What it doesn’t have is ways to do masking, not even gradient masks (often very useful in dealing with flash falloff). But masking tends to be unique to an individual image, at least when I’m shooting handheld. When I’m doing that level of detail I just go into Photoshop.
Bibble contains a basic version of Noise Ninja which by good fortune (or, perhaps, intelligent choice on both sides?) is the noise reduction software I was already using. And when the full registered Noise Ninja is present, Bibble uses that, too.
This adjusting by groups lets me make human-adjusted proofs of images much faster than any other scheme I’ve used. I get results better than “video-analyzed” prints from a pro lab (you youngsters don’t worry about it, you’ll never need to know) in very little time.
Once I’ve made those adjustments, I can submit the photos to batch queues to make web-sized JPEGs, or print queues to directly drive my printer, and so forth. I can throw them into multiple queues. And the processing is blazingly fast even for RAW files.
Bibble works just the same way on JPEGs, camera originals or from some other source, and it’s just as useful for handling piles of snapshots.
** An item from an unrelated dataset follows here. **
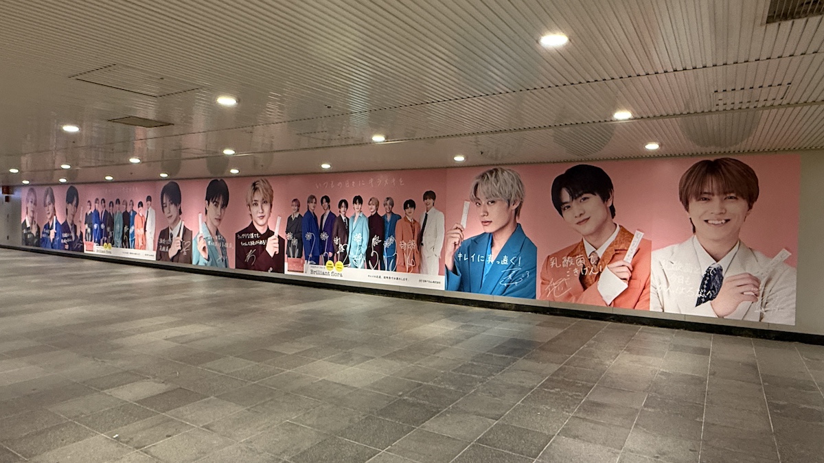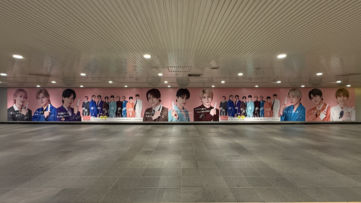 「Brilliant flora×超特急」コラボレーション広告!渋谷駅の地下通路に巨大なシート広告が登場

So, there, perhaps a bit abruptly, we have it. I’m rather enamored of my current workflow, despite problems like the quality codes I assign in Thumbs Plus not being accessible in Bibble (which uses its own “star” system of ratings). I’m using too many pieces of software as it is, but each of them brings a lot to the table, and I wouldn’t want to give them up.
If you’ve gotten through this whole thing, I guess it was of some interest to somebody other than me :-).